The Centers for Disease Control and Prevention is making personnel changes at the lab where dozens of scientists and staff were exposed to anthrax.

Sources told Reuters that the director of the Bioterror Rapid Response and Advanced Technology Laboratory, Mike Farrell, has been reassigned while the CDC investigates the incident. However, the CDC would not confirm the name to CBS News. CDC spokesman Tom Skinner declined to comment on Farrell for Reuters. Calls and e-mail to Farrell were not returned.

Anthrax accident: CDC scientists may have been put at serious risk 02:14

As many as 84 employees of the lab on the CDC's Atlanta campus may have been accidentally exposed to live anthrax bacteria earlier this month when safety protocols were not followed.

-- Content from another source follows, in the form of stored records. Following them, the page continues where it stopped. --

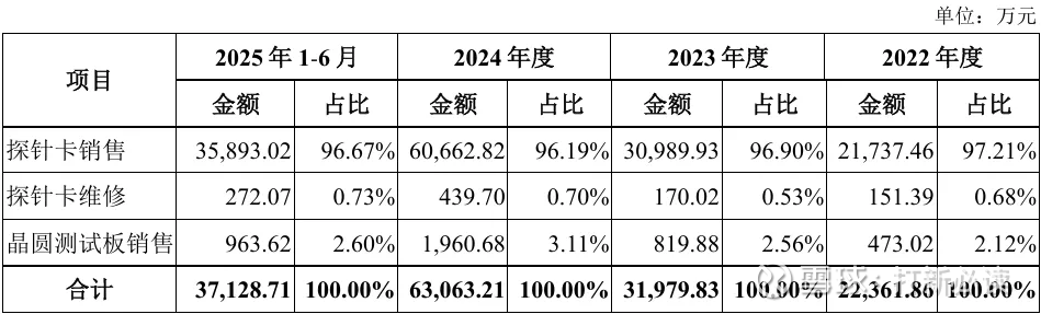 2025H1,公司主营业务收入按业务类别可分为三大板块,分别为探针卡销售(3.59亿元,占2025H1 主营收入的 96.67%)、探针卡维修(0.03 亿元,占 2025H1 主营收入的 0.73%)、晶圆测试板销售(0.10 亿元,占 2025H1 主营收入的 2.60%)。2022年至 2025H1,公司始终以探针卡销售为主要业务,收入占比稳定在 95%以上;而在探针卡销售方面,公司拥有2D12.5DMEMS探针卡、垂直探针卡、悬臂探针卡、薄膜探针卡等,目前以 2D/2.5DMEMS 探针卡为主要产品2025H1占探针卡销售收入的88%。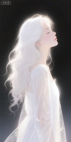 a digital illustration shoot from a profile camera angle about a serene figure of a woman with long, flowing white hair, illuminated by soft light, the image also shows a soft, ethereal glow emanating from her head and shoulders, creating a dreamy atmosphere, on the middle of the image, a young woman appears to be in her early twenties, with her eyes closed and a peaceful expression on her face, she is facing away from the viewer, and her long, wavy white hair cascades down her back, the woman is wearing a white dress that is partially transparent, allowing the soft light to shine through and create a sense of depth and dimension, the background is a dark, gradient black, which contrasts with the womans delicate features, the overall effect is one of serenity and tranquility, with the soft and ethereal lighting adding to the dreamy ambiance,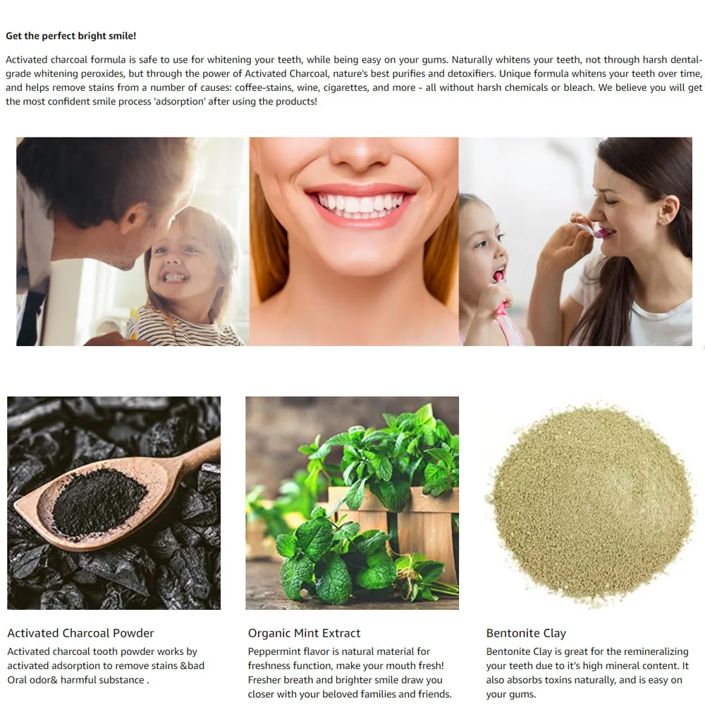 Формула активированного угля безопасна в использовании для отбеливания зубов, при этом легко воздействует на десны. Естественно отбеливает ваши зубы, не благодаря жестким пероксидам отбеливания зубов, а благодаря силе активированного угля, природа лучше всего очищает и детоксицирует. Уникальная формула с течением времени отбеливает зубы и помогает удалить пятна от целого ряда причин: пятна от кофе, вина, сигарет и многого другого-без жестких химикатов или отбеливателя. Мы уверены, что вы получите самый уверенный процесс «адсорбции» после использования продуктов! Получите идеальную Яркую Улыбку! Спецификация: -100% Новинка и высокое качество -Бренд: VACLAV -Модель: 1705 -Цвет: черный -Емкость: 30 г -Основной ингредиент: активированный уголь -Подходит для взрослых -Эффективность: яркий белый цвет, удаление накипи, Предотвращение неприятного изо рта, подавление зубного налета, профилактика заболеваний периодонта, удаление неприятного изо рта, свежесть зубов Посылка 1 * Бамбуковый зубной порошок Как использовать? 1. Добавьте небольшое количество порошка в ладонь, используя небольшую ложку 2. Смочите щетину зубной щетки, окуните ее в угольный уголь 3. Аккуратно почистите внутреннюю, внешнюю и жевательную поверхность зубов в течение 1-2 минут. 4. Нанесите краску водой, после очистки и наслаждайтесь потрясающим хорошим результатом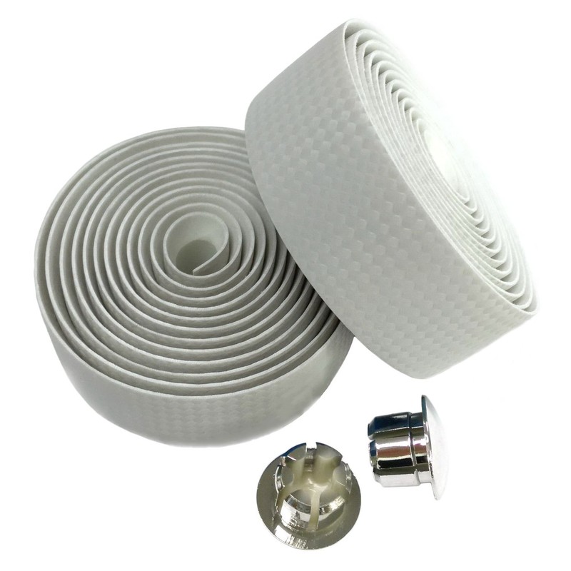 1 Pair White Carbon Fiber Design PU Leather Bicycle Handlebar Strap with Stoppers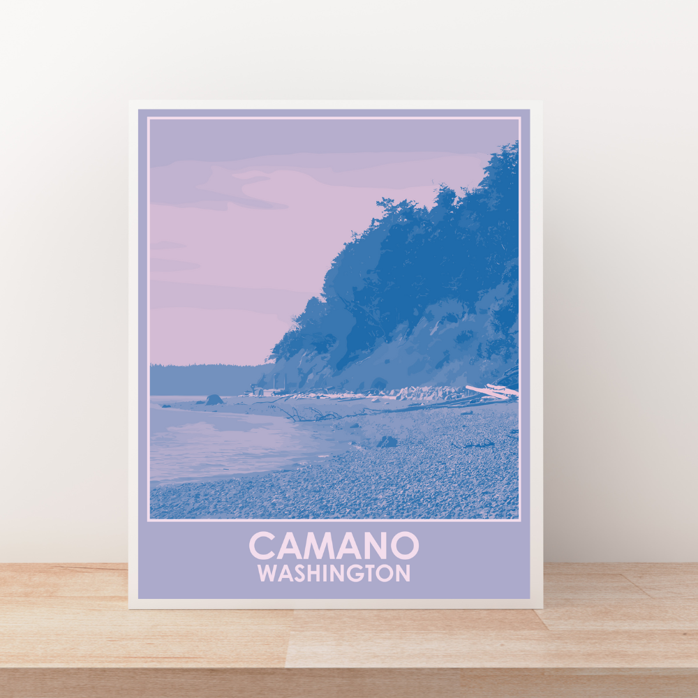 Whether you’re a local or just love the peaceful beauty of the Pacific Northwest, this print captures the serene charm of Camano Island—where lush forests meet the sea.

"Out of an abundance of caution, CDC is taking aggressive steps to protect the health of all involved, including protective courses of antibiotics for potentially exposed staff," the agency said in a statement on Friday. "Based on most of the potential exposure scenarios, the risk of infection is very low."

Investigations begin after CDC anthrax scare 01:32

The workers have been offered an anthrax vaccine or powerful antibiotics to help ward off potentially deadly illness from the bacteria.

According to the CDC, at some point between June 6 and June 13, workers in the bioterror lab did not follow safety procedures while preparing the anthrax bacteria for transfer to different lower-security CDC labs.

"Workers, believing the samples were inactivated, were not wearing adequate personal protective equipment while handling the material," the agency explained in the statement. "Environmental sampling was done, lab and hallway areas were decontaminated and laboratories will be re-opened when safe to operate."

The CDC says other scientists at the facility, families of employees and the general public are not at risk of anthrax infection and don't need to take medical action.

Anthrax bacteria can be naturally found in soil, and infections in humans are rare. Depending on the extent of the infection, symptoms may include blisters, nausea, vomiting, chest pain, high fever and meningitis. If anthrax is aerosolized and inhaled, it can cause a deadly respiratory infection.

In 2001, five people died from anthrax mailed in anonymous letters. The government determined in 2008 that the attacks were the work of Army scientist Bruce Ivins, who committed suicide while under investigation.